Jumping to the final block, we get some more information about the model. In particular, the “Multiple R-squared” value is the proportion of variability that is explained by the model. In this case, it is just 35% – another warning not to take the results too seriously. Also of interest is the fact that 1,063 concerts were deleted due to having missing values in one of the variables. So over 25% of the data is effectively being ignored.

The “Coefficients” section gives the parameters of the linear model itself. For each variable there are four columns, the first being the estimated value of the coefficient, and the others indicating how statistically significant it is. The final column, with dots and stars, is a summary – the more stars, the more significant the result. No stars, and there is little evidence that the coefficient is different from zero (i.e. that it has no effect).

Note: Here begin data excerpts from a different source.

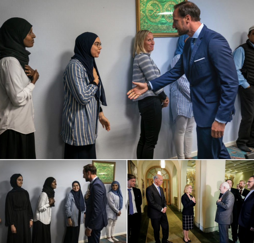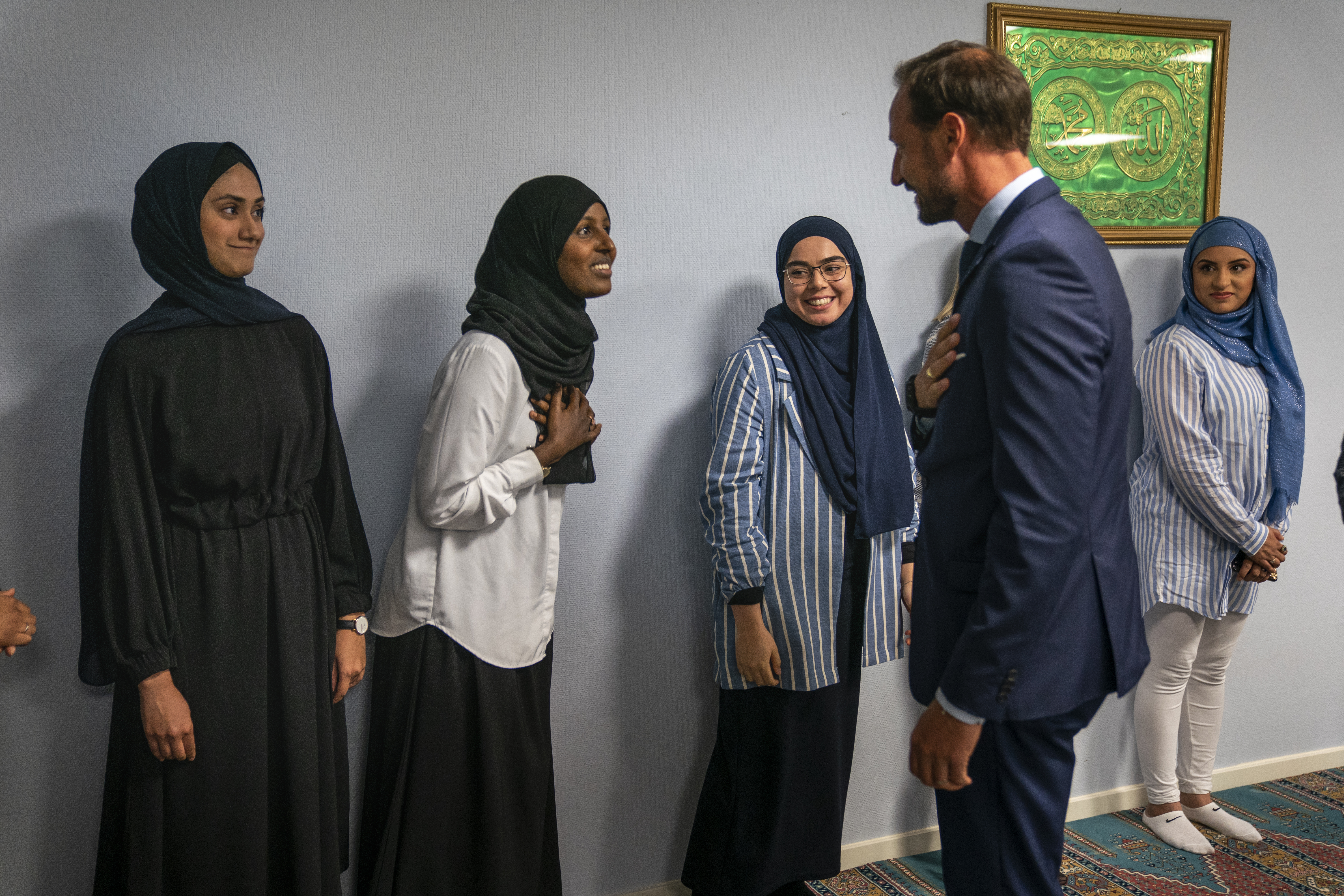 BÆRUM Kronprins Haakon prøver forgjeves å håndhilse på Faiza (i midten) Fatima (.v.) og Sriha da han besøker den terrorrammede moské åal-Noor Islamic Center på Skui i Bærum. Blodflekker og kulehull er synlige etter skyting og basketaket da Phillip Manshaus tok seg inn i moskëen. Foto: Heiko Junge / NTB scanpix
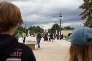 Ik weet niet precies hoe lang we hebben rondgelopen, maar onze voeten begonnen redelijk pijn te doen en onze maag te knorren. Tijd om wat frisse lucht te happen en onze magen te vullen. We kwamen boven aan de kant van Jardin de Tuilerie, waar er veel Parisiens aan het genieten waren. Je zag in de verte 1 stroom mensen komende van (of gaande naar) Champs-Elysées en Arc de Triomphe.
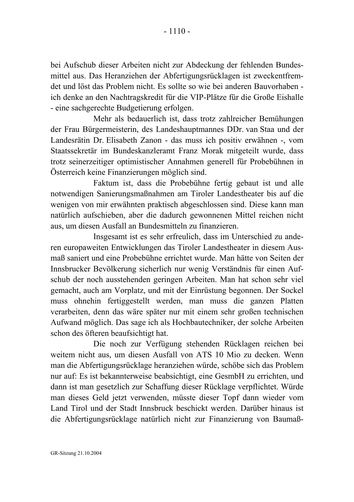 bei Aufschub dieser Arbeiten nicht zur Abdeckung der fehlenden Bundesmittel aus. Das Heranziehen der Abfertigungsrücklagen ist zweckentfremdet und löst das Problem nicht. Es sollte so wie bei anderen Bauvorhaben ich denke an den Nachtragskredit für die VIP-Plätze für die Große Eishalle
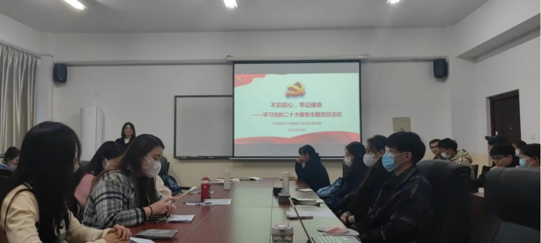 为深入学习贯彻党的二十大精神,11月23日下午,马克思主义学院硕士研究生党支部开展“不忘初心、牢记使命——学习党的二十大报告”主题党日活动。本次活动由党支部书记曲孟琳主持,支部全体党员参加学习。
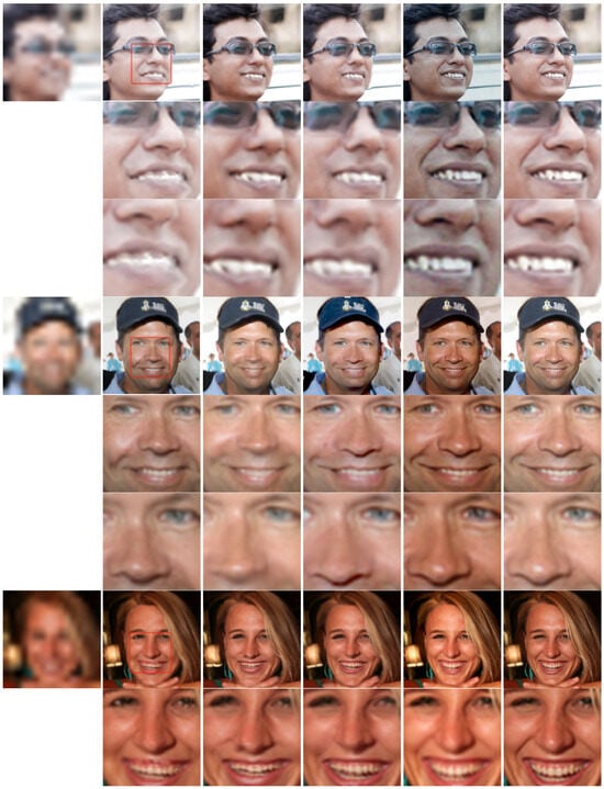 Convolutional Neural Networks (CNNs) have achieved significant success in image super-resolution due to their powerful feature extraction and non-linear mapping capabilities. Early CNN-based methods, such as SRCNN [6], pioneered deep learning to image super-resolution tasks. Subsequent research has led to substantial improvements in network architecture and training strategies, resulting in more advanced models, like VDSR [7], DRCN [8], and EDSR [9]. To better restore facial texture details, Chen proposed the Spatial Attention Residual Network (SPARNet) [10], which incorporates a Facial Attention Unit (FAU) using spatial attention mechanisms. The use of convolutional layers enables adaptive focus on important facial structural regions while minimizing attention on areas lacking distinctive features, thereby improving the reconstruction of facial details. Chen further developed SPARNetHD by combining SPARNet with a multi-scale discriminator, enabling the generation of higher-quality facial images at 512 × 512 resolution with good generalization on low-quality facial images. G. Gao introduced the CNN-Transformer Collaborative Network (CTCNet) to improve network performance by considering global and local facial features [11]. CTCNet features a multi-scale connected encoder–decoder structure and a Local–Global Feature Collaboration Module (LGCM) containing a Facial Structure Attention Unit (FSAU) and Transformer modules. This design aims to enhance the consistency of local facial details and global facial structure recovery. However, traditional CNN-based super-resolution methods have limitations in facial image super-resolution tasks. They are mostly generic image super-resolution models that do not fully utilize facial image’s unique structure and prior knowledge of facial images. These methods often use pixel-level Mean Squared Error (MSE) or Peak Signal-to-Noise Ratio (PSNR) as optimization objectives. While these metrics may improve objectively, the resulting facial images can appear overly smooth and lack realistic high-frequency details.
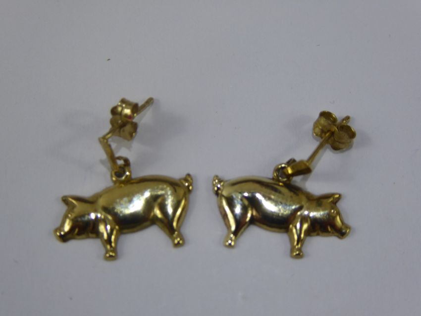 An Antique Rose Gold Fancy Link Chain, approx 44 cms together with a pair of 9 ct ear studs in the form of a pig, approx 19 gms.
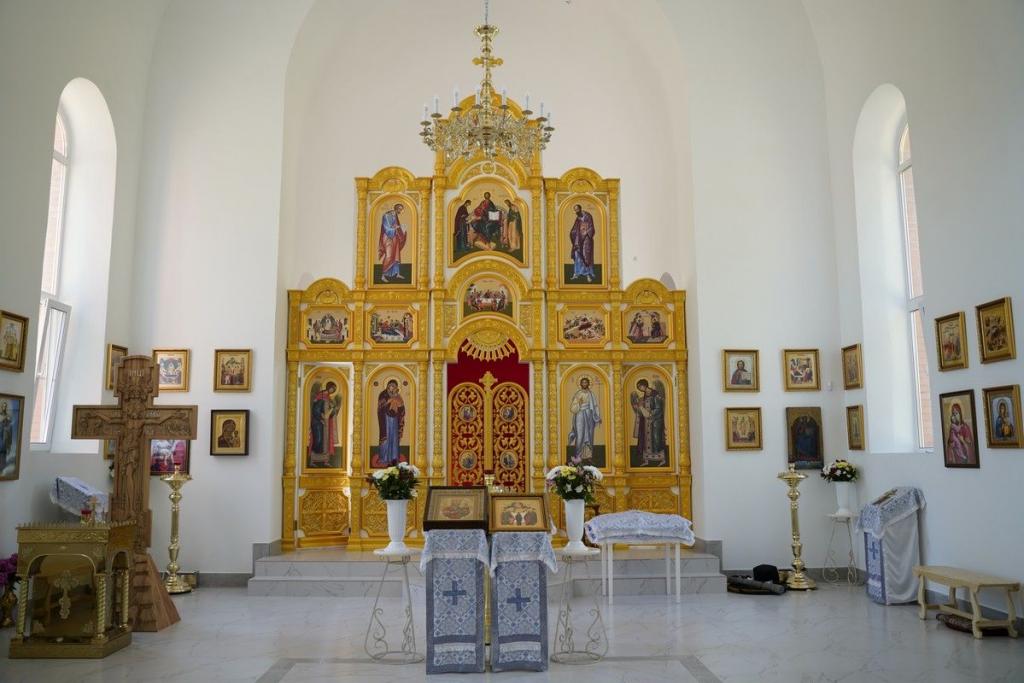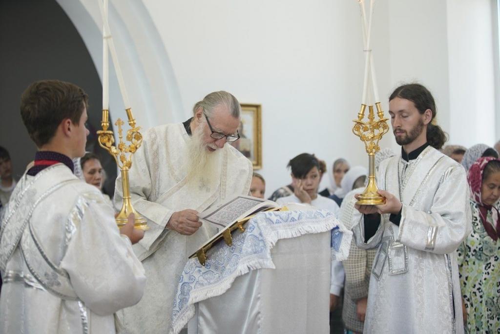 Освящение храма началось с торжественной встречи митрополита Иоанна, который внёс в храм частицы мощей святых Вифлеемских мучеников, предназначенные для вложения в престол храма, и мощи сщмч. Владимира Четверина, которые были вложены в антиминс, сообщили в епархии.

The first value “Intercept” is the constant term in the model (A in our formula above). It can be interpreted as the ticket price for (Year - 1750) = 0, and the first value of each categorical variable. For ordered variables (such as weekdays) these are in order, but otherwise categories are ordered alphabetically.3 So the intercept of 11.54 is the expected ticket price (in shillings) of a concert in 1750, at a Church, on a Monday, during the Daytime.

The next value “I(Year-1750)” is the average yearly change in price.4 The coefficient of -0.0275 means that, over the 50 year period, expected top ticket prices fell by 50*0.0275=1.375, or about 1.4 shillings.

The following rows give the coefficients for the various categorical variables, relative to the “Intercept” values (Church/Monday/Daytime). So, for example, concerts in Gardens are over 8s cheaper than in Churches; concerts on Tuesdays are a shilling cheaper than on Mondays; and Late Evening (i.e after 8pm) concerts are a shilling more expensive than Daytime concerts. The coefficients without stars in the final column are not significantly different from the base values – so, for example, we can’t be confident that Saturday ticket prices differ from those on a Monday.

Looking at the table of coefficients as a whole, we can conclude that

  • top prices fell by about 1.4s over the half-century
  • Gardens were, on average, about 3.5s cheaper than Taverns, which were about 3s cheaper than Halls, Houses and Theatres, which were 1-1.5s cheaper than Churches.
  • Saturday and Monday were the most expensive days, and Tuesday and Wednesday the cheapest.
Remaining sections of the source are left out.